Ich habe letztes Jahr das Gymnasium abgeschlossen und ehe ich auf der Straße sitze und somit auch auf dem Portemonnaie des Steuerzahlers, wollte ich mich erstmal irgendwie über Wasser halten. Wieso also nicht als Pizzabote unterwegs sein?
Ich fahre gerne Moped, bin dadurch viel unterwegs und sehe immer mal wieder neue Gesichter und… naja, die Pizzakartons zusammenbasteln müsste nicht wirklich sein, aber auch die Arbeit muss nun einmal erledigt werden.
Wir haben zwei Arbeitsschichten. Die Frühschicht von 10 Uhr morgens bis abends 18 Uhr und die Spätschicht, die sich von 16 Uhr bis Mitternacht erstreckt.
Morgens ab Zehn heißt es somit für uns meist Kartons zusammenstellen bis die ersten Anrufe reinkommen. Nachmittags zwischen 16 und 18 Uhr ist dann etwas mehr los in der Pizzeria, da die Morgenschicht noch da ist und die Abendschicht bereits eingetroffen ist.
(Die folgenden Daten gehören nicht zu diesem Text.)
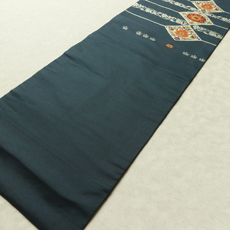 仕立て方法もいろいろです。現在は胴に巻く部分から手先まで半分に折られた名古屋仕立てが主流ですが、手先だけ半分に折られている松葉仕立て、たれから手先まで半分に折らず、袋帯と同じようにお太鼓幅で仕立てられたおそめ仕立て(袋名古屋帯)などがあります。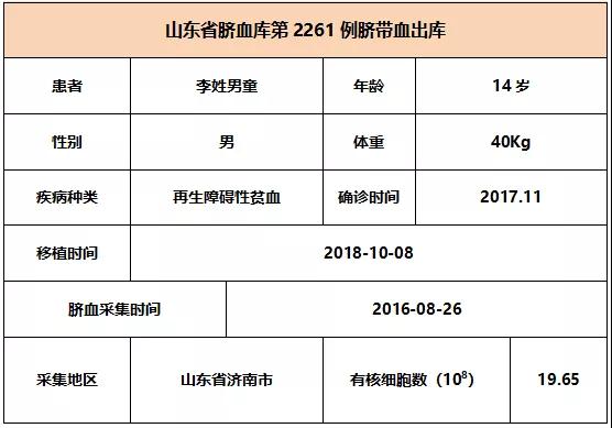 2018年10月08日,14歲李姓男童因患再(zai)生障礙性(xing)貧血,在(zai)山東某三甲醫院(yuan)接受臍帶血移植,參與本次移(yi)植的臍(qi)帶血與患者9/10位點相合,有(you)核細(xi)胞數(shu)為19.65*10^8。整個輸注過程很順利,無不良反應,愿患者早日恢復健康。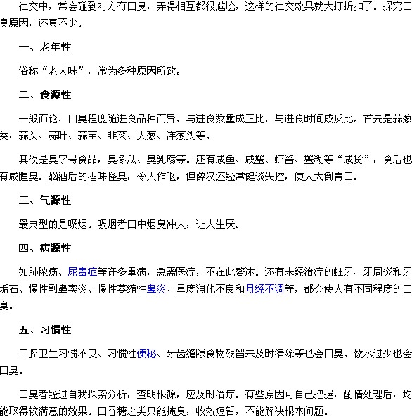 以上就是導(dǎo)致口臭的五大因素的相關(guān)內(nèi)容,相信大家對(duì)此已經(jīng)有所了解了,如患有口臭一定要查明根源,及時(shí)治療,希望上述文章能夠?qū)Υ蠹矣袔椭?/p>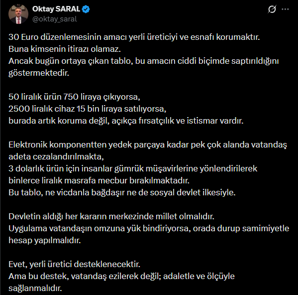 Cumhurbaşkanı Başdanışmanı Oktay Saral, sosyal medya hesabından yaptığı paylaşım ile yurt dışı alışverişlerde 30 avroluk gümrük muafiyetinin kaldırılmasının ardından birçok üründe yaşanan fahiş fiyat artışlarına tepki gösterdi.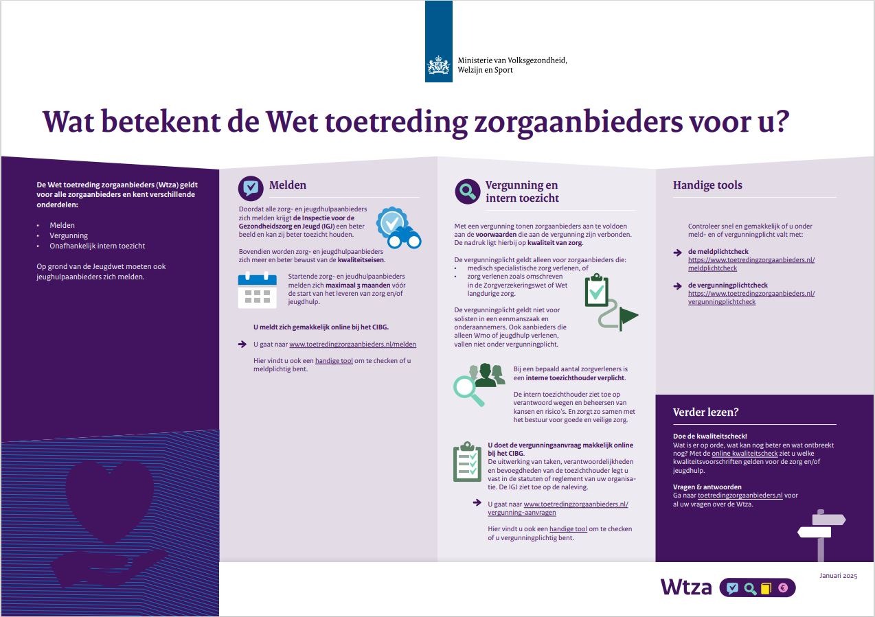 Wat betekent de Wtza (Wet toetreding Zorgaanbieder) voor u? En welke acties zijn noodzakelijk? Nagenoeg elke zorgaanbieder heeft te maken met de Wtza. De Wtza vervangt de Wet Toelating Zorginstellingen (WTZi). Het doel van de Wtza is het verbeteren van (het toezicht op) de kwaliteit van zorg. Speciaal voor jou als zorgaanbieder is een Wtza-desk opgezet, waardoor wij je nóg beter van dienst kunnen zijn.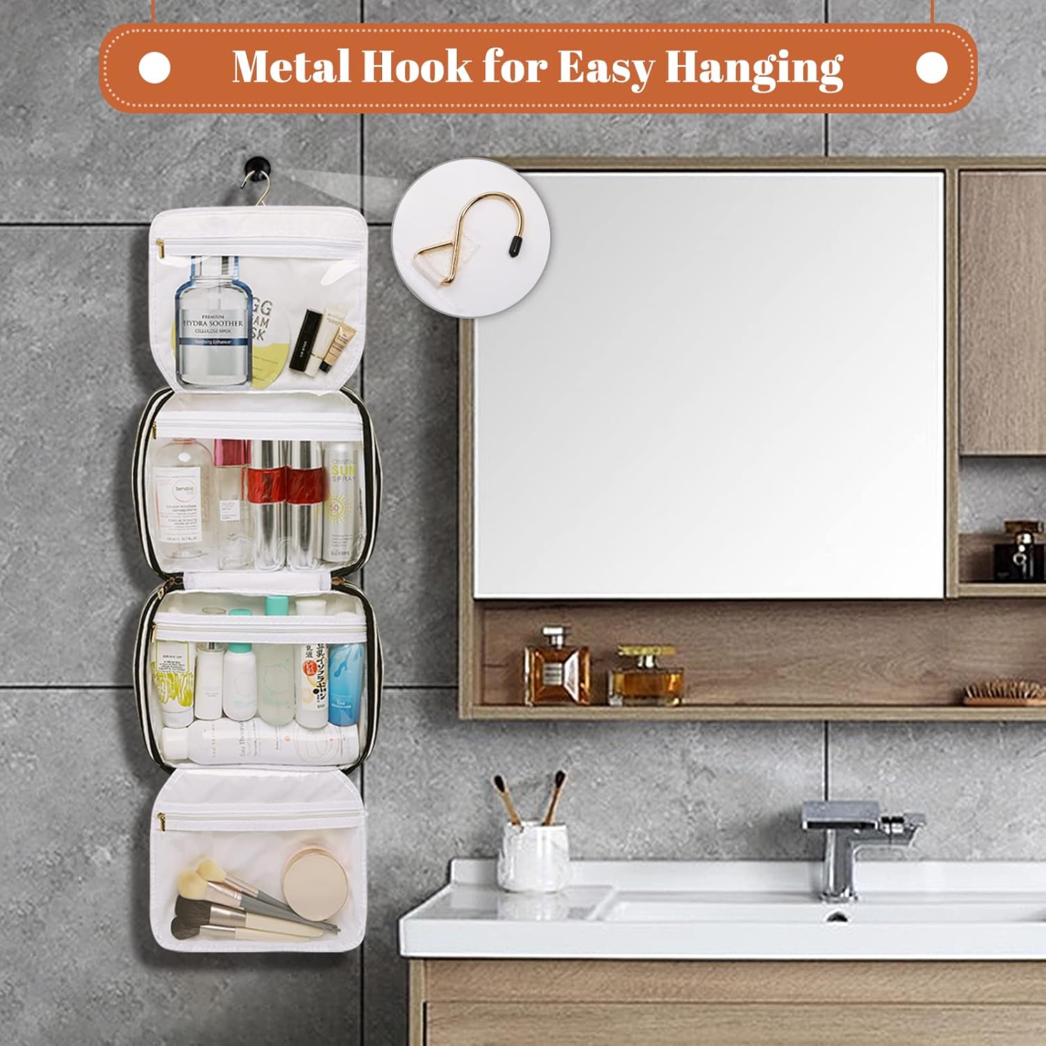 Hanging Travel Toiletry Bag,Large Capacity Cosmetic Travel Toiletry Organizer for Women with 4 Compartments & 1 Sturdy Hook,Perfect for Travel/Daily Use/Christmas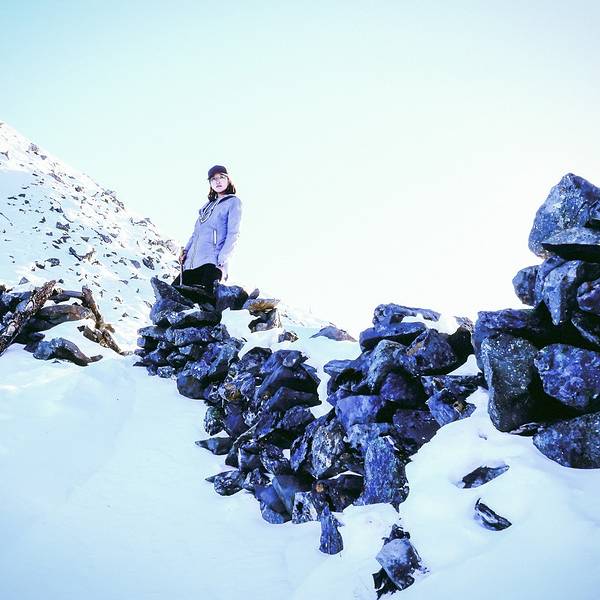 再向前一步就是悬崖,我只好坐在雪坡上欣赏神女,不敢站立。那样独特角度的缅茨姆,果真现身攀到山头的顶端,时间已经超过了三点。那样独特角度的缅茨姆,果真现身。山头风大,我脚步难以站稳,更不敢移动。再向前一步就是悬崖,我只好坐在雪坡上欣赏神女,不敢站立。

Abends gibt es dann etwa noch einmal den gleichen Ablauf wie morgens. Ab 16 Uhr heißt es erneut Pappkartons falten, bis die ersten Bestellungen für das Abendessen reinkommen.
Abwechslungsreich ist dann eigentlich nur noch die Fahrt, wenn wir die Pizzen ausliefern.
Die kann dann sogar fast zu abwechslungsreich werden, so wie heute Mittag als ich eine Lieferung zu einem Bürogebäude brachte.